Great Barrier Island may feel the full impact of Gabrielle, which is forecast to come very close to the island early on Tuesday morning.

States of emergency have been declared in Northland, Auckland, Thames-Coromandel, Waikato, Hauraki, Bay of Plenty, Whakatāne, Ōpōtiki and Tairāwhiti.

The government on Monday announced an $11.5 million package to support NGOs and community groups.

Trains in Auckland have been cancelled until at least midday on Tuesday, with rail replacement buses running hourly in their place on the Western, Eastern and Southern lines. The Onehunga line, not in operation due to planned work, is still running its normal replacement buses.

Auckland Transport (AT) on Monday afternoon said its buses were running "largely as scheduled", but changes were possible, particularly if the Harbour Bridge is closed due to high winds. AT's website was being regularly updated with the latest.

The Harbour Bridge temporarily closed on Monday. It was open Tuesday, with reduced speed limits in place.

Ferry services were cancelled on Monday evening, with many services cancelled or replaced - where possible - with land-based replacements. Again, check AT's site for the latest.

The Interislander ferry, which connects the North and South Islands, will not run for 24 hours from 2am Tuesday.

Most schools in Northland and Auckland have closed. Non-essential services in Auckland, including libraries, community centres, early childhood education centres, and active recreation centres are all shut. Tairāwhiti Civil Defence said its schools would shut on Tuesday, and businesses were encouraged to have employees work from home, if possible.
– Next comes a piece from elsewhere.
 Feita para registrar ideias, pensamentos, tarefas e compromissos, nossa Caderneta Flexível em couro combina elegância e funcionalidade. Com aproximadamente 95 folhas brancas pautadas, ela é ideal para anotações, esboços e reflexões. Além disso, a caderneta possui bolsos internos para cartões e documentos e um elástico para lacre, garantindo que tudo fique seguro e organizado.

All Auckland rubbish and recycling kerbside collections were cancelled for Monday and Tuesday.

More than 60 cell sites across Northland, Coromandel, Auckland and Waikato were down, Vodafone reported on Monday afternoon. Only slightly more than half were still operating on battery backup.

A number of emergency shelters and civil defence centres were open across Auckland on Monday - see Auckland Emergency Management's site for the locations and current status.

Northland Civil Defence said there were pre-set locations currently being put on standby across the region if required. Their locations were being advertised via radio, local council websites and its Facebook page.

Thousands of people were without power across Northland, Auckland and the Coromandel Peninsula overnight on Monday. The numbers of those affected are constantly rising. On Monday afternoon, Northpower said about a quarter of its customers were without electricity.

Businesses and residents in Auckland remain anxious of further property damage after last week's weather, which left thousands of homes damaged and the ground sodden and prone to slips.

Major routes across northern regions are expected to be closed as the storm intensifies through Monday evening and into Tuesday. Waka Kotahi NZ Transport Agency said the SH1 between Brynderwyn and Waipu was closed due to large slips, with detours in place. Look out for updates on the Waka Kotahi website.

Northland Regional Council's hydrology team on Monday morning said most of the rain at that point had fallen on the east coast, from Kaeo in the north to the Brynderwyns in the south. The highest totals over the 30 hours from 9pm on Saturday to 3am Monday had been near Whangarei, with 188mm recorded by the Glenbervie rain gauge, 174mm at Water Street in Whangārei, and 146mm recorded at Puhipuhi.

Local authorities are warning of higher tides than usual Monday.

Air travel is also impacted. Air New Zealand cancelled all domestic flights from or through Auckland, Hamilton, Tauranga and Taupō, until at least midday Tuesday. Some international flights were also either cancelled, or diverted to another New Zealand airport.

The storm is forecast to ease heading into Wednesday and Thursday. People in the meantime are being advised by authorities to bunker down, avoid any unnecessary travel and take other precautionary measures to stay safe.

The weather event was downgraded at the weekend to a sub-tropical low pressure system from a Category 2 cyclone, which passed over Norfolk Island on Sunday. The storm's most destructive winds did not hit the island, the Australian outpost's emergency management authority said.